Distributed tracing provides insight about individual requests as they propagate throughout a system. OpenTracing is an open-source standard API for consistent distributed tracing of requests across processes, from web and mobile client platforms to the storage systems and custom backends at the bottom of an application stack. Once OpenTracing integrates across the entire application stack, it’s easy to trace requests across the distributed system. This allows developers and operators much-needed visibility to optimize and stabilize production services.

Before you begin, check here to make sure that there’s a working OpenTracing API for your platform.

Overview

At a high level, here is what you need for an OpenTracing integration:

Server framework requirements:

  • Filters, interceptors, middleware, or another way to process inbound requests
  • Active span storage: either a request context or a request-to-span map
  • Settings or another way to configure tracer configuration

Client framework requirements:

  • Filters, interceptors, or another way to process outgoing requests
  • Settings or another way to configure tracing configuration

Pro-tips:

Before we dive into implementation, here are a few important concepts and features that should be made available to framework users.

Operation Names

You’ll notice an operation_name variable floating around this tutorial. Every span is created with an operation name that should follow the guidelines outlined here. You should have a default operation name for each span, but also provide a way for the user to specify custom operation names.

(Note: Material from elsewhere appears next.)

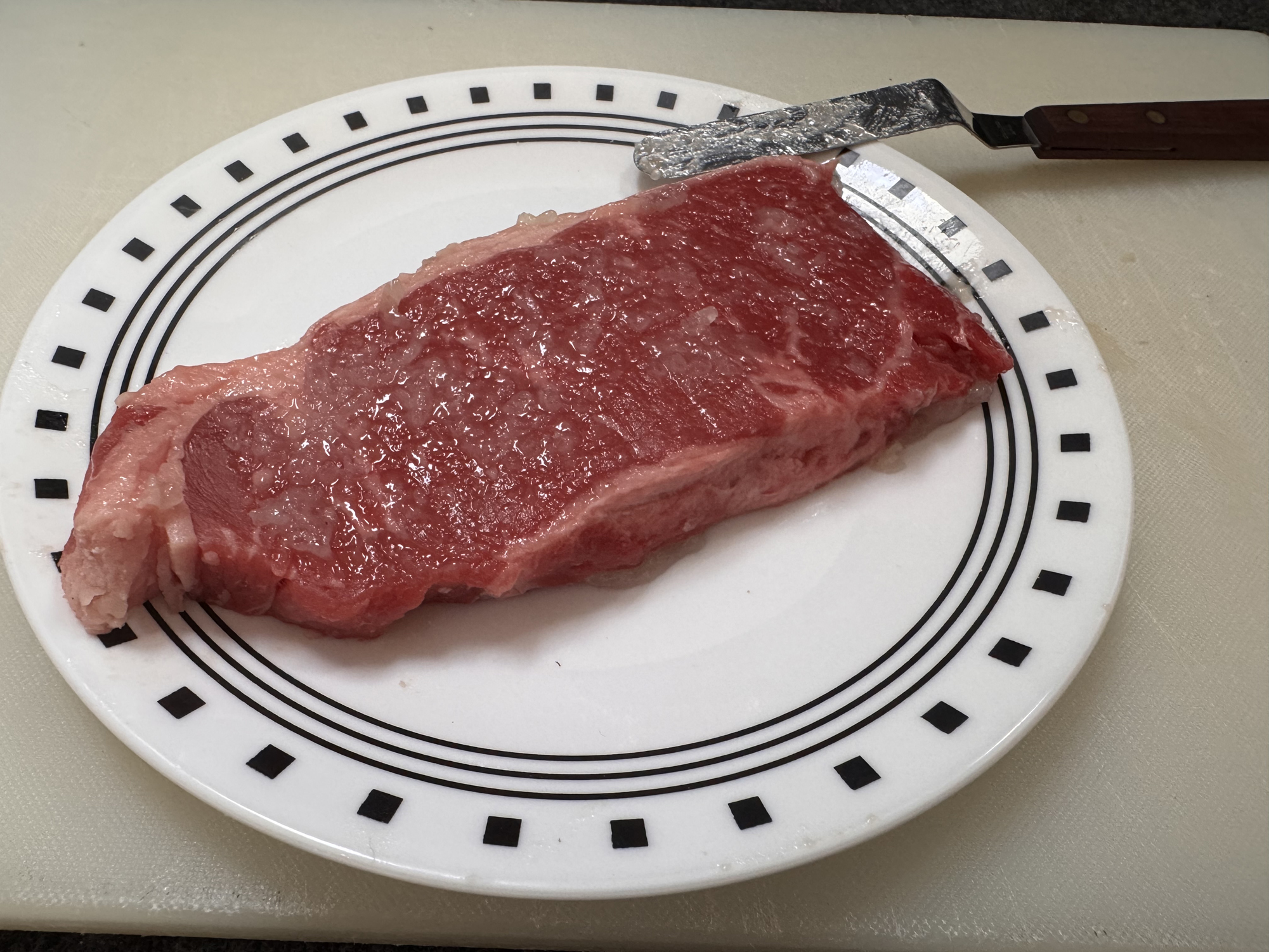 Koji Rice Marinade rub on Sirloin Steak as we were preparing it at home.

Examples of default operation names:

  • The name of the request handler method
  • The name of a web resource
  • The concatenated names of an RPC service and method

Specifying Which Requests to Trace

Some users may want to trace every request while other may want only specific requests to be traced. You should ideally allow users to set up tracing for either of these scenarios. For example, you could provide @Trace annotations/decorators, in which only annotated handler functions have tracing enabled. You can also provide settings for the user to specify whether they’re using these annotations, versus whether they want all requests to be traced automatically.

Tracing Request Properties

Users may also want to track information about the requests without having to manually access the span and set the tags themselves. It’s helpful to provide a way for users to specify properties of the request they want to trace, and then automatically trace these features. Ideally, this would be similar to the Span Decorator function in gRPC:

// SpanDecorator binds a function that decorates gRPC Spans.
func SpanDecorator(decorator SpanDecoratorFunc) Option {
	return func(o *options) {
		o.decorator = decorator
	}
}

Another approach could have a setting TRACED_REQUEST_ATTRIBUTES that the user can pass a list of attributes (such as URL, METHOD, or HEADERS), and then in your tracing filters, you would include the following:

for attr in settings.TRACED_REQUEST_ATTRIBUTES:
    if hasattr(request, attr):
        payload = str(getattr(request, attr))
        span.set_tag(attr, payload)

Server-side Tracing

The goals of server-side tracing are to trace the lifetime of a request to a server and connect this instrumentation to any pre-existing trace in the client. You can do this by creating spans when the server receives the request and ending the span when the server finishes processing the request. The workflow for tracing a server request is as follows:

  • Server Receives Request
    • Extract the current trace state from the inter-process transport (HTTP, etc)
    • Start the span
    • Store the current trace state
  • Server Finishes Processing the Request / Sends Response
    • Finish the span

Because this workflow depends on request processing, you’ll need to know how to change the framework’s requests and responses handling–whether this is through filters, middleware, a configurable stack, or some other mechanism.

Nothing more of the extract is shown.